2 Deep learning of the pathological whole slide image (WSI).  Our team has over 20 years of experience in image deep learning. Our expertise will be crucial in spearheading the development of an AI-based pipeline for automatic, accurate, comprehensive, interpretable, and reproducible feature extraction from whole slide images (WSI). Our lab routinely utilizes a deep neural network called "DeepLabV3" to perform H&E tissue segmentation. Pathologists labeled neuroblastoma (NB) H&E images to identify four regions of interest: stromal region (Stroma), tumoral region (Tumor), lymphocytes aggregated region (Lymph), and an excluded region. All included regions, namely Stroma, Tumor, and Lymph, will encompass all H&E regions (All). We will extract various image-based pathological registration and segmentation statistics features for tumor tissue grading analytics.

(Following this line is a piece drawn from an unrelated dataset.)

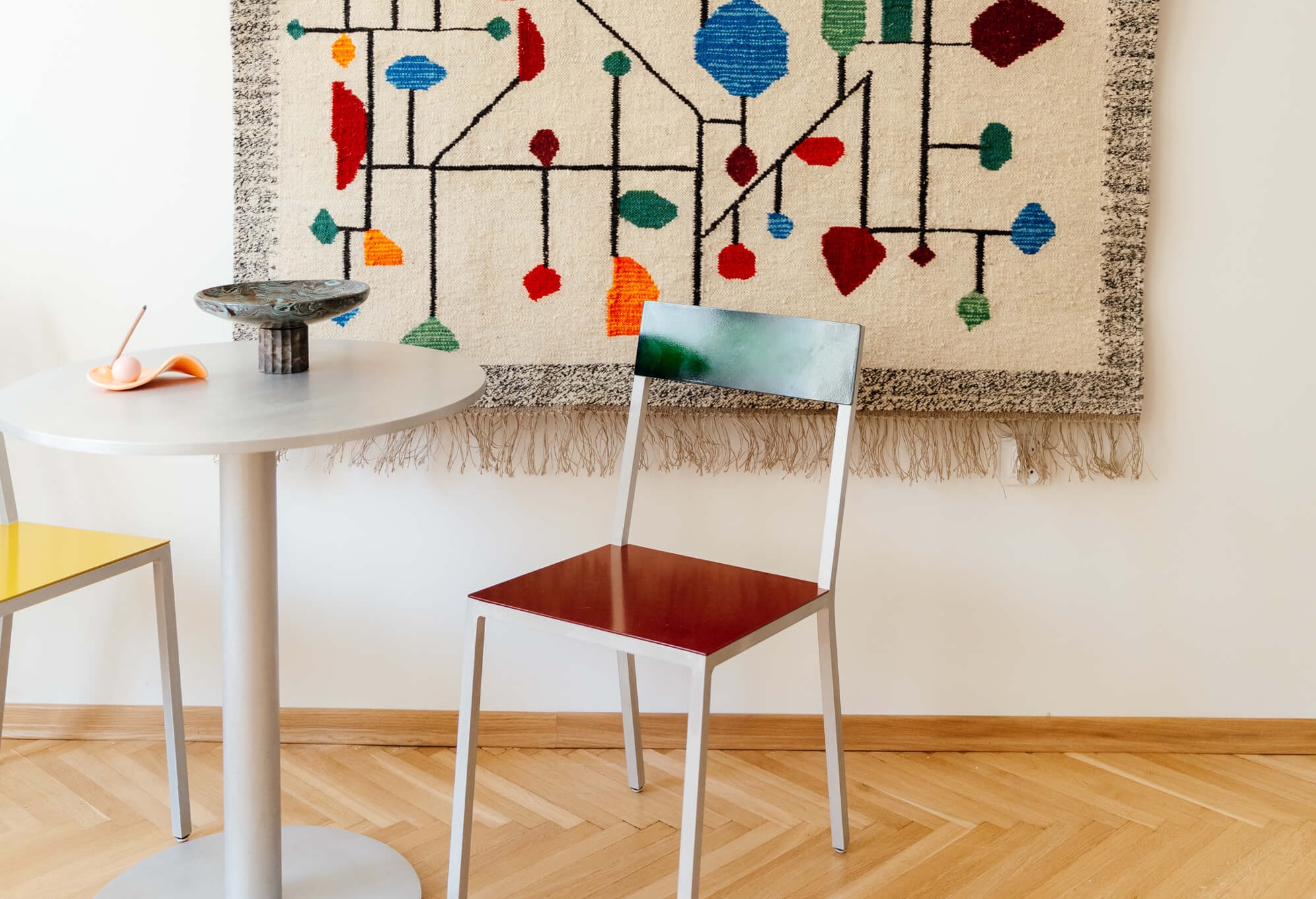 Dziś znów wracają także dzięki Przemkowi Cepakowi, który stoi za marką Splot Kilim. Każdy kilim Splotu to więcej niż tkanina – to opowieść spleciona z nici, historii polskiej tkaniny i i nowoczesnego spojrzenia. Tym razem Przemek Cepak sięgnął po ikoniczny wzór z lat 80. – kilim Wesoły.

3 Formalin‐fixed, paraffin‐embedded (FFPE),  Targeted Proteomics with Laser Microdissection and Quantitative LC-MS/MS

FFPE long-term-banked pathological tissue blocks offer an invaluable resource for clinical and biomarker research. Our laboratory developed a unique technology to extract tumor or tumor microenvironment proteomes. Step 1: Prepare the FFPE tissue from a tumor biopsy on a customized Director slide; Step 2: Under the guidance of a pathologist, laser capture microdissect only the tumor region; Step 3: Liquefy the tissue and then digest it in preparation for targeted multiplex proteomic analysis; Step 4: Perform targeted multiplex proteomic analysis; Step 5: Quantify the protein biomarkers at the attomole level in every tissue; Steps 6/7: Analyze the data and report the results. In collaboration with industrial partners, including a CAP/CLIA laboratory and AstraZeneca, our lab has access to 10,000 clinical FFPE tumor biopsy samples that have been processed and reported. Our targeted multiplex proteomics will provide research and clinical utility for precision medicine, particularly in the field of oncology.